Example 6: Origin of replication
[0231] The Origin of Replication (ORI) is the genetic element that promotes replication of the plasmid, it recruits the replication factors to specific binding sites which have highly variable features such as their content, number of occurrences, and the characteristics of the spacer between them. Due to that, the ORI can be carefully tailored to fit the cellular machinery in certain organisms that promotes replication.

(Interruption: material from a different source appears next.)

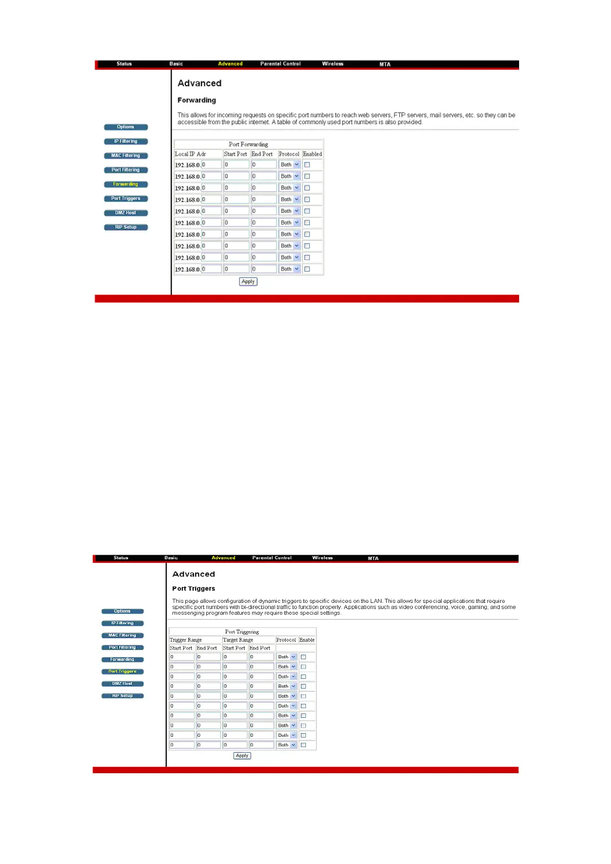 The Port Triggers page allows you to configure dynamic triggers to specific

[0232] The ORI optimization model performs this goal as follows - firstly, it identifies the important features from the ORI genetic elements in both organism groups. Due to the high specificity of the ORI sequence, if two organisms in the optimized group highly differ in their replication machinery, it is best to include a separate ORI for each of them, instead of forcing them into a non-fitting consensus. Thus, the ORI features of the optimized organisms are still analyzed and clustered in the topologically appropriate space, into similar groups, as each group is processed separately.

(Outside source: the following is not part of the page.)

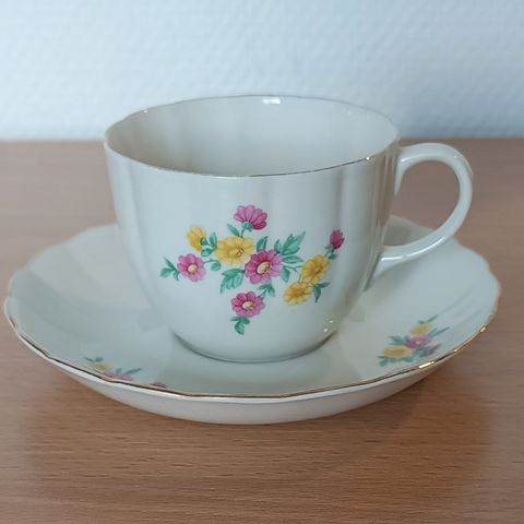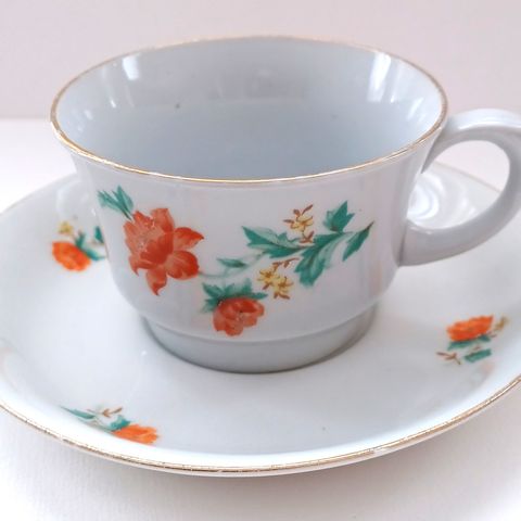 Ruusukuvio ja teksti mummunkuppi sininen raita kupissa ja lautasessa hieno keräily esine en postita vain nouto

[0233] After the different sequence characteristics are obtained and separated from both organism groups, the sequences of the optimized cluster are compared to those of the deoptimized cluster as the differences between them are tuned and sharpened. Lastly, the different groups are assembled together in order to create a “shuttle plasmid”, which will be able to replicate in the optimized organisms as opposed to the deoptimized organisms. The method of ORI optimization is depicted in Figure 11.
Example 7: SiRNA design
[0234] The array of genes which are both unique and highly expressed in a specific organism also has an exploitable variation between species, one which can be used to create RNA probes such as siRNA or gRNA (short interfering RNA and guide RNA correspondingly) in order to achieve directed selection.
[0235] For example - if the deoptimized organism contains a unique and highly expressed gene, the gene of interest can be designed to have complementary sites to the defined highly expressed gene, thus causing it to function similarly to a siRNA and repress expression in that organism (and even cause degradation of the mRNA in some cases). Accordingly, the same segment could be inserted into a repressor of the gene in order to promote gene expression in selected organisms.
Example 8: Transformation (DNA uptake)
[0236] In some bacterial strains, the natural process of DNA uptake is much more efficient when the DNA comes from a homologous sequence. Although homologous sequences do have a higher probability of being recombined into the genome, the biochemical uptake process is selective as well due to the presence of recognized signal sequences named uptake signal sequences (USS). The USS are species-specific consensus sequences distributed randomly between the two strands causing it to be transformable into certain bacterial species.
[0237] There are two seemingly opposing explanations for this evolutionary pathway. The “preference first hypothesis”, assumes that the USS is used as a mate recognition signal, as uptake of closely-originated DNA is presumably more beneficial than alien DNA. On the other hand, the “molecular drive hypothesis” supposes that the USS is a result of biased DNA uptake mechanisms.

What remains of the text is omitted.